A Game of the Ewing Family
- Designers: Stephen Peek
- Publishers: Yaquinto Publications
- Publication: 1980
- Genres: Family game

= Dallas: A Game of the Ewing Family =

1980 board game

Dallas: A Game of the Ewing Family is a board game published by Yaquinto Publications in 1980 that is based on the American television series Dallas.

==Background==
Dallas was an American prime time soap opera that aired on CBS from 1978 to 1991. The series revolved around an affluent and feuding Texas family, the Ewings, who owned the independent oil company Ewing Oil and the cattle-ranching land of Southfork. When someone shot the despicable J.R. Ewing in the second season cliffhanger finale, the series reached its peak popularity; the premiere of the third season, "Who Done It" remains the second-highest-rated primetime telecast ever.

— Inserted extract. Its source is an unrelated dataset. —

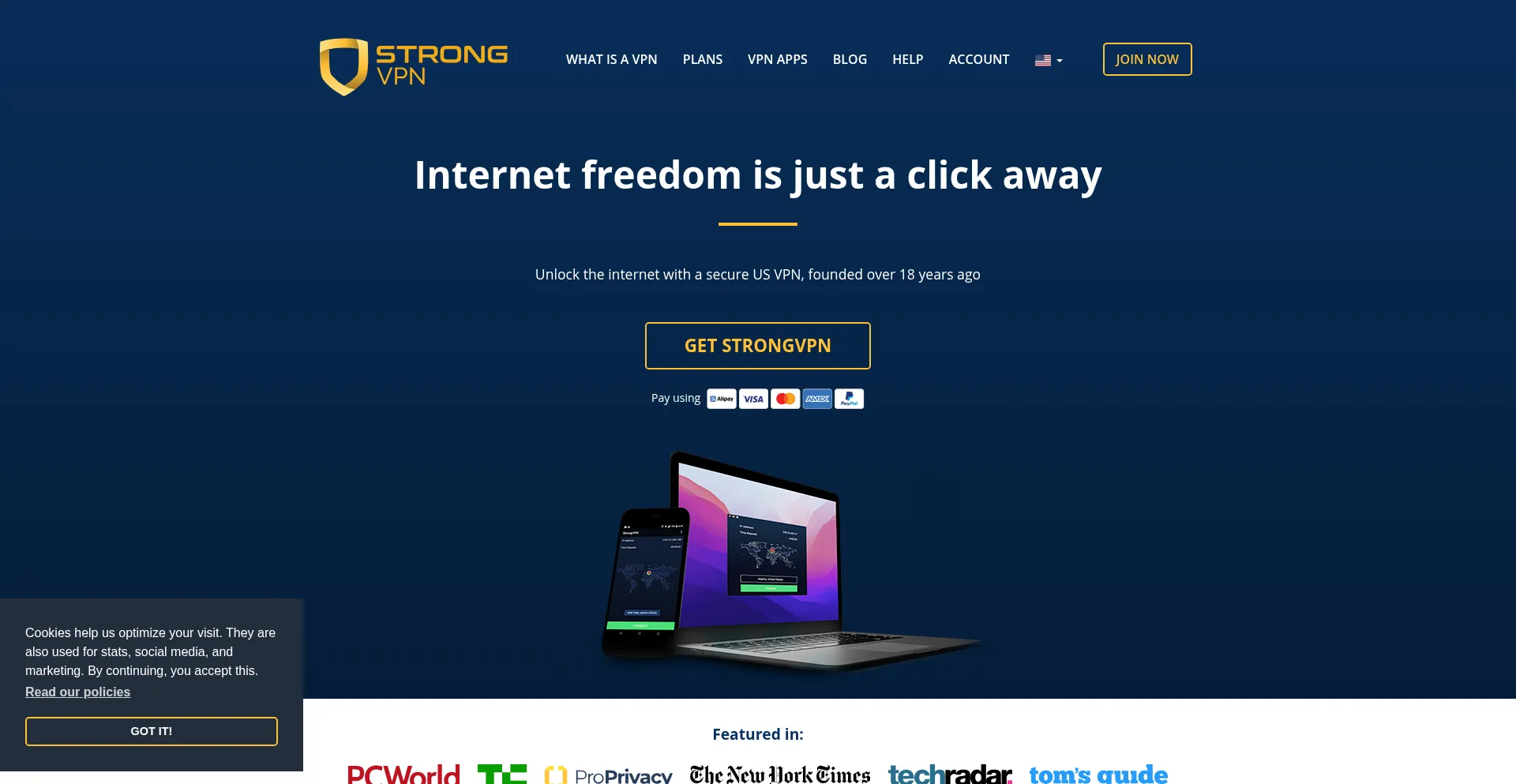 StrongVPN.com - Providing high speed, unthrottled bandwidth, multiple countries VPN accounts for over 100,000 users. Since 1995.

Several game publishers tried to cash in on this popularity, including Simulations Publications Inc. (SPI) with Dallas: The Television Role-Playing Game (1980), and Yaquinto with their family board game Dallas: A Game of the Ewing Family.

==Description==
Dallas is a board game for 2–7 players where each player is a member of the Ewing family who attempts to become the president of the Ewing family business and eventually gain complete control by forcing everyone else out of the game.

===Gameplay===
Each player receives a counter illustrated with a photograph of one member of the Ewing family. Players roll the dice to circle a board, looking for money, stocks and blackmail cards. Trading of assets between players is allowed. At family board meetings, family members use votes and proxies to try to seize control of the President's chair. A player holding a complete set of blackmail cards can force the blackmailed player to vote for the blackmailer.

==Publication history==
At the height of the Dallas television series in 1980, Yaquinto attempted to cash in on the show's popularity by publishing a licensed board game, Dallas: A Game of the Ewing Family, designed by J. Stephen Peek. As with other Yaquinto games, this one was packaged in a double LP-style folder. Yaquinto also licensed foreign-language versions of the game, including German, French, Swedish and Finnish editions.

==Reception==
In Issue 49 of the British wargaming magazine Perfidious Albion, Charles Vasey called this "a cheapo version of Monopoly. You zoom around a really neat map of 'Dallas' which is very amusing (do look closely at it) picking up blackmail cards and stocks in various companies." Vasey compared this board game to SPI's Dallas: The Role-playing Game and concluded, "[Yaquinto's game is] better on the atmosphere, but frankly folks, is this really what you want to play?"